Когда я пересчитал кучку во второй раз и убедился в правильности своего подсчета, ко мне опять подошел чиновник. Я заметил, что он опять сложил свое лицо в тревожные складки, и, чтобы рассеять его тревогу и показать ему, с каким участием я к нему отношусь, я сказал ему прежде, чем он успел открыть рот:
–Мне кажется, лучше пересчитать еще раз: возможно, что я опять обчелся на одну или даже две зажимки.
Его озабоченное лицо осветилось такой сияющей улыбкой, как будто ему кто-то сказал, что он через четыре недели получит наследство в пятьдесят тысяч франков.
–Да, проверьте, ради бога, пересчитайте еще раз, потому что, если бы здесь оказалось на одну зажимку меньше или больше и господин директор сделал бы мне замечание, я даже не знаю, что бы я стал делать. Меня, несомненно, уволили бы со службы, а ведь у меня ребятишки, моя жена не совсем здорова, и моя старая мать… О, сочтите точно сто сорок четыре - ровно двенадцать дюжин. Может быть, вы лучше будете считать их дюжинами, тогда вы не так легко собьетесь со счета.
К концу моего пребывания в тюрьме я насчитал всего-навсего три кучки зажимок. Я и сейчас еще не уверен, не обчелся ли на одну зажимку в каждой из них. Но я питаю скромную надежду, что верный своему долгу чиновник и честный кормилец своей семьи заставлял других заключенных еще две недели пересчитывать эти три кучки.
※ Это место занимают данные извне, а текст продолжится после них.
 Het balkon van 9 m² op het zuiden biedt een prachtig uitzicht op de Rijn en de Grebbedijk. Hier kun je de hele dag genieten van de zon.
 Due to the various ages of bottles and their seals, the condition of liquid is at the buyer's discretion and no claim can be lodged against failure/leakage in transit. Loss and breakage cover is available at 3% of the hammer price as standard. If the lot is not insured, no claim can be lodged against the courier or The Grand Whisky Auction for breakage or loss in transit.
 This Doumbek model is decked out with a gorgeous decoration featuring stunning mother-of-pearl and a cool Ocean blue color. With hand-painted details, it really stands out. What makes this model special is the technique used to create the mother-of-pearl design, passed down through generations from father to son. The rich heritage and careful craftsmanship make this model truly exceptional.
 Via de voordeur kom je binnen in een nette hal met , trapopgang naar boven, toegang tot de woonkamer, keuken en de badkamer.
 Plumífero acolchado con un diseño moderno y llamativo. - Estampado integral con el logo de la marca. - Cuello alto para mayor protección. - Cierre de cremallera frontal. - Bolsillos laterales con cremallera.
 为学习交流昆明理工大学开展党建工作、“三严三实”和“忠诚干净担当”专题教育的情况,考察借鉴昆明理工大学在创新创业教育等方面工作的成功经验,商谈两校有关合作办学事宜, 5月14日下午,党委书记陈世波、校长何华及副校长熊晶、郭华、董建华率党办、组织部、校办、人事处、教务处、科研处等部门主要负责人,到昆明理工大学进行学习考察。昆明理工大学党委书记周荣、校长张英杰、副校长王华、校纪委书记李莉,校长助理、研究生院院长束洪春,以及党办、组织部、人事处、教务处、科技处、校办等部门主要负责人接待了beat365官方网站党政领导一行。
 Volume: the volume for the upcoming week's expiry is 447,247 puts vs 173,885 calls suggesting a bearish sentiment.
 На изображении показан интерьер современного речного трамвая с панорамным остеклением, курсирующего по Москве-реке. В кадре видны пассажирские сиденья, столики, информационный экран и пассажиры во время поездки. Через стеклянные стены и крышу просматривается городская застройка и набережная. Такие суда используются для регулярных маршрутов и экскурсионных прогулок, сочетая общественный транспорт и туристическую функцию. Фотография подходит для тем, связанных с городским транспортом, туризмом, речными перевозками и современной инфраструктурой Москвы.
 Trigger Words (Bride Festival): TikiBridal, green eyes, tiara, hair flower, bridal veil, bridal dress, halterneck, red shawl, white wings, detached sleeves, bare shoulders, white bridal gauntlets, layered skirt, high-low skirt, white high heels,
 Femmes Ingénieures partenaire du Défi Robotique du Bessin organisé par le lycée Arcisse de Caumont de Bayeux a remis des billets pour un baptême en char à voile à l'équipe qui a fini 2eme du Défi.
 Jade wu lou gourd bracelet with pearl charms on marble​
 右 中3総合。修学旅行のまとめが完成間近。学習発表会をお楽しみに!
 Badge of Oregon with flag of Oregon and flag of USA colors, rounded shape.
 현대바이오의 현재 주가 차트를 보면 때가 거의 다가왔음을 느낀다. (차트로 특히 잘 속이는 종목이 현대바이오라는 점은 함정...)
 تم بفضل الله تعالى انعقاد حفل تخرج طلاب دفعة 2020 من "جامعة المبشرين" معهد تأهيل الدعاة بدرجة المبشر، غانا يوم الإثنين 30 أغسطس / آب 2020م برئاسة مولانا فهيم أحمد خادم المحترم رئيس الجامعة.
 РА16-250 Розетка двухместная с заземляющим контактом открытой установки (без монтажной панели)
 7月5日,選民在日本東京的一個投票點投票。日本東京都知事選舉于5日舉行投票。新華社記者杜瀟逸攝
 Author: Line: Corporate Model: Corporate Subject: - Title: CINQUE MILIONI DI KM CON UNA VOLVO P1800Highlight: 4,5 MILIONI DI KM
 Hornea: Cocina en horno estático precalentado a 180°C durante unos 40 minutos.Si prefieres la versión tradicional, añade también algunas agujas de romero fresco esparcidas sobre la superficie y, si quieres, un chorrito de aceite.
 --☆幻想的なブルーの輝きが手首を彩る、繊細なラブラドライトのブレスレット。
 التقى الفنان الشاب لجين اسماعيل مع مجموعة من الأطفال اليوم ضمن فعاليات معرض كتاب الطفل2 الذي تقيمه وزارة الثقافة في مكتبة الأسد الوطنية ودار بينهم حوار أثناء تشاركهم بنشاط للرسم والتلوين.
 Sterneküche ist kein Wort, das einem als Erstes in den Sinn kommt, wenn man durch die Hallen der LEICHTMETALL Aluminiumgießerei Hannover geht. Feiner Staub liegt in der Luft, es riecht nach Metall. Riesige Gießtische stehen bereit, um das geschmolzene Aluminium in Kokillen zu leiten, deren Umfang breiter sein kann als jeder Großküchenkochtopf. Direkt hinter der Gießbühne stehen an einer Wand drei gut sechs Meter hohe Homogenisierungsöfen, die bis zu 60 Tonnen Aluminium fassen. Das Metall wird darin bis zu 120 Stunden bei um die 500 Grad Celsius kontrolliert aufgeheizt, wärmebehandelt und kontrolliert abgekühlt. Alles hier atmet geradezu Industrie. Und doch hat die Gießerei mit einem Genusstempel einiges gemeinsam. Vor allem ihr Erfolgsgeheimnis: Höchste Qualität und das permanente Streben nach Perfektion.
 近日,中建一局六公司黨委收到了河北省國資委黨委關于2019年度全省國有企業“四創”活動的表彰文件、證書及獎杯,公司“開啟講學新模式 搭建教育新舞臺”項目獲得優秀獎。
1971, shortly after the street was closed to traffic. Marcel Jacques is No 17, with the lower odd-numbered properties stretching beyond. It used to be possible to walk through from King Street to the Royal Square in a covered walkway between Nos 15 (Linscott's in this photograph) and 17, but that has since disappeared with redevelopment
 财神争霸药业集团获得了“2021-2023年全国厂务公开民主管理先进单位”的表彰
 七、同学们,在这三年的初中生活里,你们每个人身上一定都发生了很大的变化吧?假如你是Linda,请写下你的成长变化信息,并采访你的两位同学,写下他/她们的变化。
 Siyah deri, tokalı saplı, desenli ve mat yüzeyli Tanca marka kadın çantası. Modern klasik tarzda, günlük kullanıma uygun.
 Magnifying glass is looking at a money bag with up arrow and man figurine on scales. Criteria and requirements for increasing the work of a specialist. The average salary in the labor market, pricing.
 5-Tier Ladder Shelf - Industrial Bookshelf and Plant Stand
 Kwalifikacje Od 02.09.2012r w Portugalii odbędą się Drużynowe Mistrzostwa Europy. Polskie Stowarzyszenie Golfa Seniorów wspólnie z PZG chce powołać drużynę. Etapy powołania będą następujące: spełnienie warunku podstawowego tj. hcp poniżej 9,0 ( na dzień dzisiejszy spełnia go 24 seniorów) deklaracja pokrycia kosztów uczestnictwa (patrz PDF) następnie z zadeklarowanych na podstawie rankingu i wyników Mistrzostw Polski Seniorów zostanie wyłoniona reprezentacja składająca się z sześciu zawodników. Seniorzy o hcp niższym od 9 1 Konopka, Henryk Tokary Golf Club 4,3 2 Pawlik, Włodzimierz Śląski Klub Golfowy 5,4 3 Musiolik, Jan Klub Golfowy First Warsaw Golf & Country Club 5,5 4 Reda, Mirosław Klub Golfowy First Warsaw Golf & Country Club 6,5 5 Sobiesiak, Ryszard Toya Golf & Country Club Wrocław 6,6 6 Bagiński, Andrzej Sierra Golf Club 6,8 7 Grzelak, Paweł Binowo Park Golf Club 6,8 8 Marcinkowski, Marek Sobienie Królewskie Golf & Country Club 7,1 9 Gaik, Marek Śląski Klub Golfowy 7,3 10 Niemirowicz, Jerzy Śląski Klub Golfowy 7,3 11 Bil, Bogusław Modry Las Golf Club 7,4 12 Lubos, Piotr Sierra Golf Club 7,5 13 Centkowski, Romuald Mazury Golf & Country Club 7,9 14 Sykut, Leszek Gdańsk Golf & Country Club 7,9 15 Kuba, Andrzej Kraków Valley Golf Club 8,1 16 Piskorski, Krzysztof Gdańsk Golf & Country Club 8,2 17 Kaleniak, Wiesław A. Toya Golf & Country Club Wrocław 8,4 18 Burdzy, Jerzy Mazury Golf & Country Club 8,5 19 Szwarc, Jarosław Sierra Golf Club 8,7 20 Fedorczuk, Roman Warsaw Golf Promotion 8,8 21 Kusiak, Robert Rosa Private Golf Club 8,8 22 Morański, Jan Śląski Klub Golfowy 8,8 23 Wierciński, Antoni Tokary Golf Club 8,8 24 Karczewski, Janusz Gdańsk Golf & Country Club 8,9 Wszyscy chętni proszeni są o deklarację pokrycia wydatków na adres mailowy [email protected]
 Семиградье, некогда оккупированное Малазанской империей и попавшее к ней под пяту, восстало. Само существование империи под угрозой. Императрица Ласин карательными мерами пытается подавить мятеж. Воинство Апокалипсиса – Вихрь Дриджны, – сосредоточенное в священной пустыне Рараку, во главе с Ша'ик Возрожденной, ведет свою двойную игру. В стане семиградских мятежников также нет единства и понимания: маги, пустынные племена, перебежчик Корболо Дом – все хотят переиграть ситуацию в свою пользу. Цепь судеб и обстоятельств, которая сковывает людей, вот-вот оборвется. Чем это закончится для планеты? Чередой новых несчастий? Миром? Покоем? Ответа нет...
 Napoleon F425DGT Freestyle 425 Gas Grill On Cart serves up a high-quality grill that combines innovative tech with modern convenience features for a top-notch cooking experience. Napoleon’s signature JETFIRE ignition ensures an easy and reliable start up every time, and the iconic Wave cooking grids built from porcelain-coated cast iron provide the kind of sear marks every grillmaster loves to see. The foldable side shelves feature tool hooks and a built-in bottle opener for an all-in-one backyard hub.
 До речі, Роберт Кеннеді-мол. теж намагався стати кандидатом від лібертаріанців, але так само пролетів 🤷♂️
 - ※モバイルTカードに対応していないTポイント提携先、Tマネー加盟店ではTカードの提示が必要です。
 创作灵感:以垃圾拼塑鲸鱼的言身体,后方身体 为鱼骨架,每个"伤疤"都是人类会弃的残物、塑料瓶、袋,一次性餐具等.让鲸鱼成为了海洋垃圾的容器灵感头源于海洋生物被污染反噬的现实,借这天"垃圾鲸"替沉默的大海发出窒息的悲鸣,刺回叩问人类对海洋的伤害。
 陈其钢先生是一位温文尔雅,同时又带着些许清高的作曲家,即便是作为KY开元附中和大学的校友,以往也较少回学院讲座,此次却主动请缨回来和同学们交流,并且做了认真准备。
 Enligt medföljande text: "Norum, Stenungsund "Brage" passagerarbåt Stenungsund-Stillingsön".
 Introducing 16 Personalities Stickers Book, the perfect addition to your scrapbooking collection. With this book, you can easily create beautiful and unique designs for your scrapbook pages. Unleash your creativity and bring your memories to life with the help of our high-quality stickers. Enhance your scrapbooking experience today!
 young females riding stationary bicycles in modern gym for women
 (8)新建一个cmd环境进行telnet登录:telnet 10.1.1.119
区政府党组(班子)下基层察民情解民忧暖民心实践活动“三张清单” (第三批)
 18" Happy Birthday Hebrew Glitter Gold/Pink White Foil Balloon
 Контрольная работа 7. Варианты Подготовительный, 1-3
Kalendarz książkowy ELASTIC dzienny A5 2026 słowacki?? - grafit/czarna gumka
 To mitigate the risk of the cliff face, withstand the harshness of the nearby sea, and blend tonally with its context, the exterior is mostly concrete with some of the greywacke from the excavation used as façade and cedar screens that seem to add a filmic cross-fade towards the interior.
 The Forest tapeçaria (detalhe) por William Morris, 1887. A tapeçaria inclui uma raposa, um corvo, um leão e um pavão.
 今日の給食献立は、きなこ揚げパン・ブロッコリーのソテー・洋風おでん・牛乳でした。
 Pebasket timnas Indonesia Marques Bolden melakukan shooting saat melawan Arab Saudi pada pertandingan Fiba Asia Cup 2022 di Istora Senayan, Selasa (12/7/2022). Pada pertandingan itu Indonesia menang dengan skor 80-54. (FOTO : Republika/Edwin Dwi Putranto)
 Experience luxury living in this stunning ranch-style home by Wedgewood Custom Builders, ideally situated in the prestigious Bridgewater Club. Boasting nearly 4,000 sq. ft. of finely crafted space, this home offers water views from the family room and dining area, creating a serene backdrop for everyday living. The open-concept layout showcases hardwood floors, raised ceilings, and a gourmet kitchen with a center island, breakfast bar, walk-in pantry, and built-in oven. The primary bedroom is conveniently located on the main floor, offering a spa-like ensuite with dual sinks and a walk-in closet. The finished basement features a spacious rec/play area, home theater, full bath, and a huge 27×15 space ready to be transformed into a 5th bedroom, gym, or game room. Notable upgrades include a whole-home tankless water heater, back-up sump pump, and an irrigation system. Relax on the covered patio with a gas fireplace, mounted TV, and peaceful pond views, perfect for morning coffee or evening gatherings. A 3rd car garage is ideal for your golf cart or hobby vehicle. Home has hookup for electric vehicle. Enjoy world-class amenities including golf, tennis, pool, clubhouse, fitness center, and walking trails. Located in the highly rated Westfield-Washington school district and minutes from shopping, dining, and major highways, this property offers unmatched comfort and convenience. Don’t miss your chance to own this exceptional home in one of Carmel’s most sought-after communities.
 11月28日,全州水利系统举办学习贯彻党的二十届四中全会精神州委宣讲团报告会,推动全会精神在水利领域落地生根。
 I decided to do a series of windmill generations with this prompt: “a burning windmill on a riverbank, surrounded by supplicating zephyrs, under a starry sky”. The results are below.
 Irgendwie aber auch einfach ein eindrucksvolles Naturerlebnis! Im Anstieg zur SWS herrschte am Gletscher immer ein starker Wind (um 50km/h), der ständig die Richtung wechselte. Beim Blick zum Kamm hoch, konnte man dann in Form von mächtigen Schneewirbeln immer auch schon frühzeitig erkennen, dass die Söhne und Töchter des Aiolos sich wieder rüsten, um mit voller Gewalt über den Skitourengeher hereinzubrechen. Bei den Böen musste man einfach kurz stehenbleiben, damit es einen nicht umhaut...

Поэтому я снимаю с себя ответственность на тот случай, если этого человека все-таки уволили.
Я получил сорок сантимов за свою работу. Одно я знаю наверняка: если я еще два раза проеду без билета по французской железной дороге и буду пойман, Франция неминуемо обанкротится. Этого не вынесет ни одно государство, будь оно даже в несравненно лучшем экономическом положении, чем Франция.
Поэтому я решил покинуть Францию как можно скорее.
Не могу, впрочем, умолчать, что забота о благосостоянии французской республики и об упорядочении ее финансового положения была не единственной заботой, побудившей меня к поспешному отъезду. Дело в том, что при освобождении мне пришлось выслушать новое предостережение. И на этот раз очень строгое. Если бы по истечении четырнадцати дней меня нашли в пределах Франции, я получил бы год тюрьмы и был бы выслан в Германию. Это ввело бы бедную страну в неисчислимые расходы, и я проникся чувством искреннего сострадания к ней.
Я отправился на юг, по дорогам, которые так же стары, как история европейских народов. Я сохранил свою новую национальность. И если у меня спрашивали, кто я, отвечал очень сухо:
–Бош.
Никто не ставил мне этого в вину. Всюду я получал кров и пищу, у каждого крестьянина. Казалось, что я инстинктивно выбрал самый верный путь. Все ненавидели американцев. Все бранили и проклинали их. Называли их разбойниками, чеканящими на крови французских солдат свои доллары, головорезами и ростовщиками, намеревавшимися и впредь выжимать свои доллары из слез осиротевших отцов и матерей. Говорили, что они никогда не наполнят свою ненасытную пасть, хотя уже задыхаются под грудами золота.